寻找完全数的智能算法

Question

有比O(N^2)更快的算法从样本1:N中找到完美的数字吗？或者有什么通用的速度改进来减少计算量？我知道，如果假设奇数不完美，我们可以从样本中删除奇数(未经证明，但我们可以在这里假设)。

Answer 1

下面是一种方法(num是您的号码)：

if sum(i for i in range (1, num) if num % i == 0) == num:
    print(num, "is a perfect number")
else:
    print(num, "is not a perfect number")

编辑(学分：@cdlane)

默森素数和偶数完美数之间有一对一的对应关系。
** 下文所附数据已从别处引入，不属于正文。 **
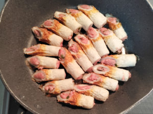![]() 6:竹輪をひっくり返したら、蓋をして、弱火で3分ほど焼き、肉の色が白くなっていればOK。 |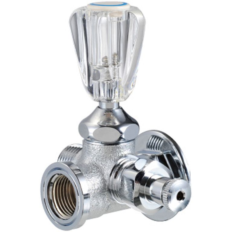 バルブが外付けタイプの昭和レトロな分岐水栓です。止水栓と分岐水栓が一体となった他の分岐水栓とは異なり、分岐する向きを施工時に自由に変えることができます。

您可以使用这个事实通过Lucas-Lehmer素数测试生成Mersenne素数，并最终得到一个完美的数字：

def lucas_lehmer(p):
    s = 4
    m = 2 ** p - 1
    for _ in range(p - 2):
        s = ((s * s) - 2) % m
    return s == 0

def is_prime(number):
    if number % 2 == 0:
        return number == 2
    i = 3
    while i * i <= number:
        if number % i == 0:
            return False
        i += 2
    return True

for num in range(3, N, 2):
    if is_prime(num) and lucas_lehmer(num):
        print(2 ** (num - 1) * (2 ** num - 1), "is a perfect number")

输出(使用N=500)：

28 is a perfect number
496 is a perfect number
8128 is a perfect number
33550336 is a perfect number
8589869056 is a perfect number
137438691328 is a perfect number
2305843008139952128 is a perfect number
2658455991569831744654692615953842176 is a perfect number
191561942608236107294793378084303638130997321548169216 is a perfect number
13164036458569648337239753460458722910223472318386943117783728128 is a perfect number
14474011154664524427946373126085988481573677491474835889066354349131199152128 is a perfect number

Answer 2

您可以通过搜索Mersenne素数，而不是搜索完美数，从而获得显著的改进，然后输出它们的伴生完美数：

def lucas_lehmer_test(p):
    s = 4
    m = 2 ** p - 1
    for _ in range(p - 2):
        s = ((s * s) - 2) % m
    return s == 0

def is_odd_prime(number):
    """
    Efficiency of this doesn't matter as we're only using it to
    test primeness of exponents not the mersenne primes themselves
    """

    i = 3

    while i * i <= number:
        if number % i == 0:
            return False
        i += 2

    return True

print(6)  # to simplify code, treat first perfect number as a special case

for n in range(3, 5000, 2):  # generate up to M20, found in 1961
    if is_odd_prime(n) and lucas_lehmer_test(n):
        print(2**(n - 1) * (2**n - 1))

不是完美的，但远好于试图考虑数字寻找完美的数字。